Delete from both sub-backends.

Source code in src/openjarvis/tools/storage/hybrid.py

def delete(self, doc_id: str) -> bool:
    """Delete from both sub-backends."""
    sparse_ok = self._sparse.delete(doc_id)
    dense_id = self._id_map.pop(doc_id, None)
    dense_ok = False
    if dense_id is not None:
        dense_ok = self._dense.delete(dense_id)
    return sparse_ok or dense_ok

clear ¶

clear() -> None

Clear both sub-backends.

Source code in src/openjarvis/tools/storage/hybrid.py

def clear(self) -> None:
    """Clear both sub-backends."""
    self._sparse.clear()
    self._dense.clear()
    self._id_map.clear()

reciprocal_rank_fusion¶

reciprocal_rank_fusion ¶

reciprocal_rank_fusion(ranked_lists: List[List[RetrievalResult]], *, k: int = 60, weights: Optional[List[float]] = None) -> List[RetrievalResult]

Fuse multiple ranked result lists using RRF.

RRF_score(d) = sum(weight_i / (k + rank_i(d)))

PARAMETER	DESCRIPTION
`ranked_lists`	Each inner list is a ranked sequence of results (best first). TYPE: `List[List[RetrievalResult]]`
`k`	RRF constant (default 60). TYPE: `int` DEFAULT: `60`
`weights`	Per-list weight (defaults to equal weighting). TYPE: `Optional[List[float]]` DEFAULT: `None`

RETURNS	DESCRIPTION
`Merged list sorted by fused score, descending.`

Source code in src/openjarvis/tools/storage/hybrid.py

def reciprocal_rank_fusion(
    ranked_lists: List[List[RetrievalResult]],
    *,
    k: int = 60,
    weights: Optional[List[float]] = None,
) -> List[RetrievalResult]:
    """Fuse multiple ranked result lists using RRF.

    ``RRF_score(d) = sum(weight_i / (k + rank_i(d)))``

    Parameters
    ----------
    ranked_lists:
        Each inner list is a ranked sequence of results (best first).
    k:
        RRF constant (default 60).
    weights:
        Per-list weight (defaults to equal weighting).

    Returns
    -------
    Merged list sorted by fused score, descending.
    """
    if weights is None:
        weights = [1.0] * len(ranked_lists)

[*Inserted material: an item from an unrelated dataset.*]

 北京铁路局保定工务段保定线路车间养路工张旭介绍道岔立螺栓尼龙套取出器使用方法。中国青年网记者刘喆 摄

    # Map content -> (fused_score, best_result)
    scores: Dict[str, float] = {}
    best_result: Dict[str, RetrievalResult] = {}

    for weight, results in zip(weights, ranked_lists):
        for rank, result in enumerate(results):
            key = result.content
            rrf = weight / (k + rank + 1)
            scores[key] = scores.get(key, 0.0) + rrf

            # Keep the result with the highest original score
            if key not in best_result:
                best_result[key] = result

    # Build fused results
    fused = []
    for content_key, fused_score in sorted(
        scores.items(), key=lambda x: x[1], reverse=True
    ):
        original = best_result[content_key]
        fused.append(RetrievalResult(
            content=original.content,
            score=fused_score,
            source=original.source,
            metadata=original.metadata,
        ))

    return fused

Document Chunking¶

Splits text into fixed-size chunks with configurable overlap, respecting paragraph boundaries.

ChunkConfig¶

ChunkConfig `dataclass` ¶

ChunkConfig(chunk_size: int = 512, chunk_overlap: int = 64, min_chunk_size: int = 50)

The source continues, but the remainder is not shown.